Gavin English Thrillers
Page 17
As soon as he rolled off, the load lightened enough for Beth to throw the busted door off of herself. She stood, favoring her left knee. She didn't think he broke it, but it hurt. A lot. She watched David writhe on the floor for a moment, but he was already steadying enough to get his feet under him.
After a quick scan of the room, she found the rolling pin and picked it up. The thing had to weigh four pounds, all in the roller. She tested the grip on the wooden handle and figured it would do the trick.
As soon as David came up to his knees, she raised the pin to shoulder level, and swung it one-handed at the back of his head.
Chapter 17: Friend Zone
I woke up in my office, with Kara tapping me on the shoulder, “Gavin. Wake up, Gavin,” she whispered.
“Hmm, ugh furgher offee,” I replied as I opened my eyes and peeled Jody Dunn's statement from my cheek.
“I got you a coffee already, Gavin.
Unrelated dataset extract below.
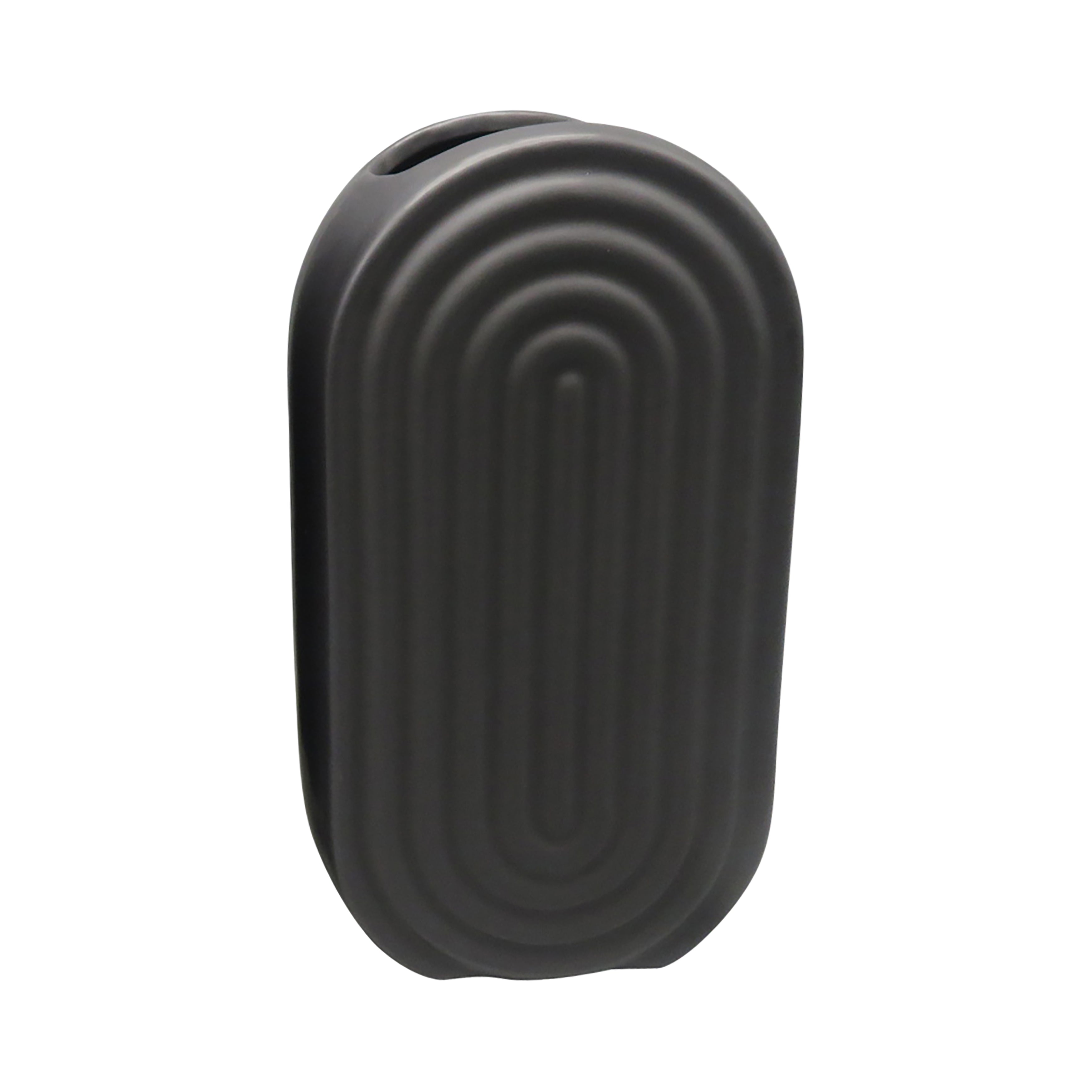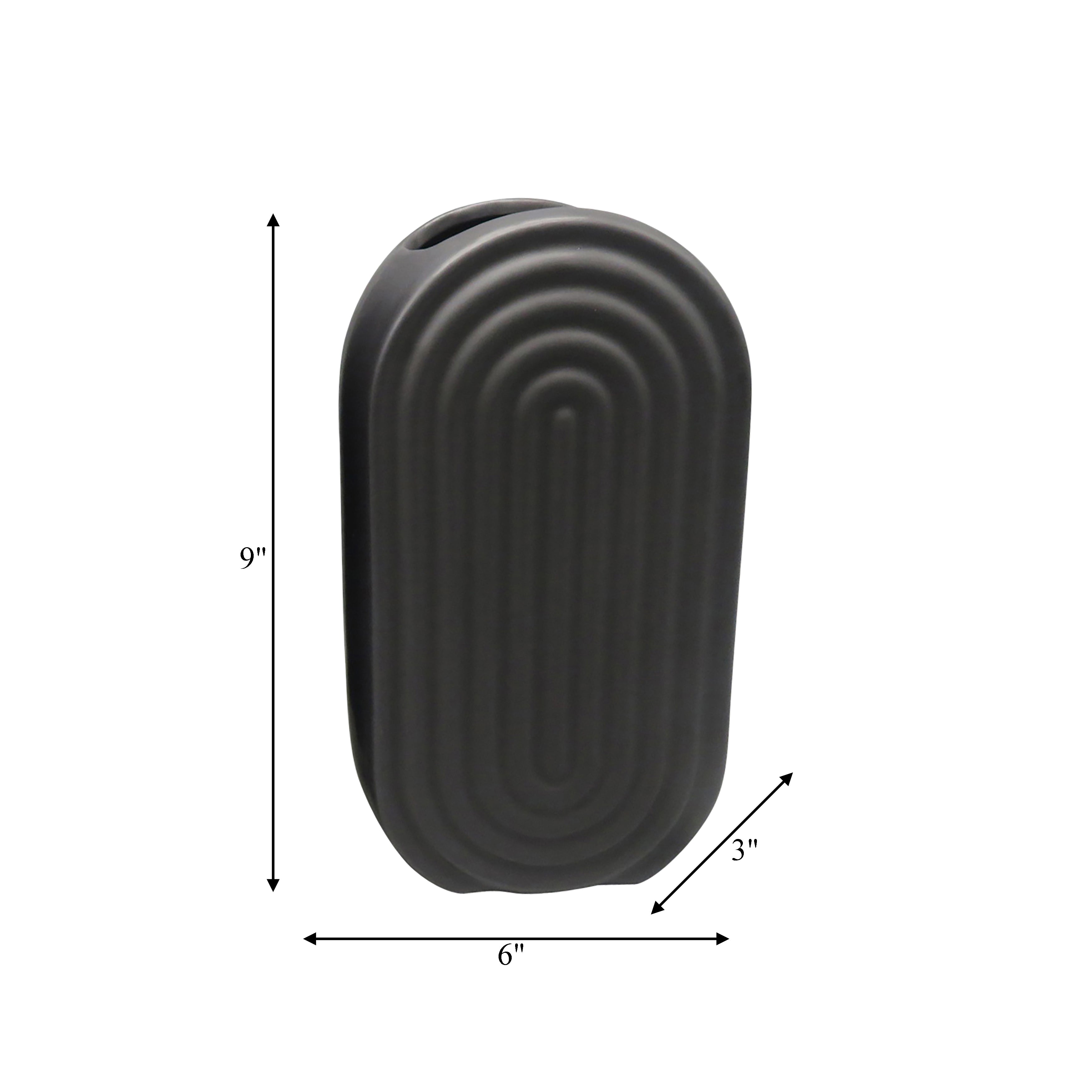 This gorgeous oval ceramic vase comes in a beautiful classic black color and is designed with a creative ridged design with an opening on top for your floral display.

It's nine in the morning, what are you doing here?”
I leaned back in my chair and stretched; my stomach rumbled loud enough for Kara to grimace at the sound. “I... no it... ugh, coffee first,” I said as I gratefully took the warm cardboard cup from her hand. I wished it was hotter, but it was fresh and strong enough to kick some of my brain cells back into gear. “Thanks, Kara. You're an angel.”
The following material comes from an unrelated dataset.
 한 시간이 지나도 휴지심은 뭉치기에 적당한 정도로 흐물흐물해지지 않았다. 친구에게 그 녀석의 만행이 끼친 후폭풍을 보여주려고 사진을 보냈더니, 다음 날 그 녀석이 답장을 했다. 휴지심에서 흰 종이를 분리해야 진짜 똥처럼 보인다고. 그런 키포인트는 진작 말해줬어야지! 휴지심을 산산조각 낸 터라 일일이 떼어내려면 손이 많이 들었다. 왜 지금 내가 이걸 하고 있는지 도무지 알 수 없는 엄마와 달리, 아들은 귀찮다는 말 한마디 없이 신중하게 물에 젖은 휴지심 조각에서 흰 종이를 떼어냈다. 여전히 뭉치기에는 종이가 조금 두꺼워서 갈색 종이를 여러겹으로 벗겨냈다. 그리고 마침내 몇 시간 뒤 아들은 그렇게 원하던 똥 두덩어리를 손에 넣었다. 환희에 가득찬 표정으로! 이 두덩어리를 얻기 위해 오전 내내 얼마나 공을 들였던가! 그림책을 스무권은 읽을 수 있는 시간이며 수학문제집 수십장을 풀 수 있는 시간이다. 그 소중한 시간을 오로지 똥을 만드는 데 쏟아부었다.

“Yeah, I know. But that doesn't tell me why you slept at your desk last night.”
I took another sip and then looked down at the file in front of me. I had circled Jody Dunn's name with a red pen. “I was working on the Julian Wells case last night. I think I got it figured out, I just need David to help with the bust. I had a couple drinks to celebrate and decided not to drive home.” I thought that sounded much better than, “I drank until I passed out in my chair.”
“Oh, well, you don't have any appointments today. If you need to go home and shower or get fresh clothes, you'll be fine.” My lovely assistant: not so good with the subtlety.
I attempted to stand, fully set on following her directions, but as soon as I was vertical, the room went horizontal. I fell back into my chair, “Damn it. Shit.”
Kara laughed, “Just sit right there. I'll get the answering service to take the calls today and I'll drive you home myself.”
It only took four tries for me to stand up without the room going all gonzo on me. After that, I could make it out of the office, and through the parking lot on my own. Kara led me to her car, a burnt-out Geo Prizm from back when they were a thing, and then we were on our way.
“I'm driving you through for some fast food. How long has it been since you've eaten anything?”
“Umm...” Good question. I decided to lie. “I had an early lunch yesterday.”
“Well, your stomach is talking more than you are, so I'm buying you a breakfast sandwich. And you will eat every bite before we get to your place.”
“Yes, Nurse Ratched.”
“Funny.”
The food tasted like heaven and I happily ate the second and third sandwiches she got for me. By the time she parked in front of my place, I felt content.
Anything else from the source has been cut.